Internal control advocacy actions
When planning to respond to AI-driven organizational and workforce changes while preventing internal controls from becoming misaligned with newly designed (or obsolete) workflows, CFOs should advocate that the organization undertake the following actions:
- Conduct risk assessments to evaluate which controls are likely affected and identify the new risks introduced by AI, automation and workforce changes. These assessments may be needed before, during and after changes are implemented to identify control vulnerabilities. They may also come in handy in assessing the ROI on AI usage once the clear impacts are known.
- Reevaluate and, when necessary, redesign control structures to reflect new staffing realities (e.g., created by process automation and consolidation of oversight functions).
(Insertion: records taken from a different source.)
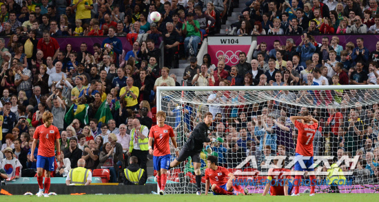 한국 올림픽대표팀이 일본과 동메달을 놓고 숙명의 맞대결을 펼친다. 지난 브라질전 경기 장면. 맨체스터=올림픽사진공동취재단
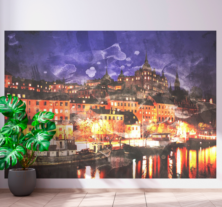 Referens: F8201En fängslande vy av en stad på natten, som visar upp upplysta byggnader speglade i vattnet. Den fantasifulla arkitekturen har förtrollande ljus som skapar en magisk atmosfär. Denna design transporterar betraktaren till en livlig stadsmiljö, perfekt för att lägga till en touch av stadens charm i vilket utrymme som helst.
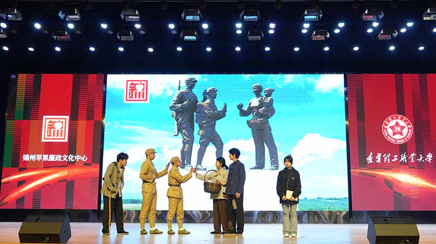 穿越情景剧《跨越时空的锦州苹果》非常新颖,当我看见解放军叔叔再渴再累,甚至嘴唇都干裂也不吃一个苹果,既让我深刻理解锦州苹果廉洁文化,更让我深深爱上了这座英雄城市。—护理学院高玉珊如是说。

This effort involves testing newly established controls in critical areas before go-live; supporting automated monitoring, which should be implemented whenever possible, with periodic human reviews; and documenting all changes to key controls to facilitate audits, ongoing risk assessments and reporting.
- Update control frameworks to align with new AI-driven processes to ensure that appropriate segregation of duties and oversight remain intact.
- Train and upskill remaining employees in both the new AI technologies and revised control procedures to prepare them for changes in their roles and responsibilities.
- Communicate the importance of controls and ethical values while reinforcing the organization’s compliance culture as technology evolves.
- Monitor and test key controls during the change process to ensure effectiveness. Finance leaders also should consider increasing the testing frequency on selected controls depending on their importance.
Bottom line, business transformation and the resulting workforce changes, along with fundamental role and process redesigns stemming from AI implementations, can profoundly affect the effective operation of established internal controls, including AI risk management mechanisms.
While 85% of organizations indicate that their AI investments have met or exceeded expectations, according to Protiviti’s inaugural AI Pulse Survey, it is uncertain whether those expectations extend to post-AI-implementation internal control structures. If the importance of internal controls is not emphasized in the rush to deploy AI, it may be game over from a control effectiveness standpoint. CFOs who emphasize this message clearly to their C-suite colleagues and to the board will help maximize the upside of AI investments over the long haul.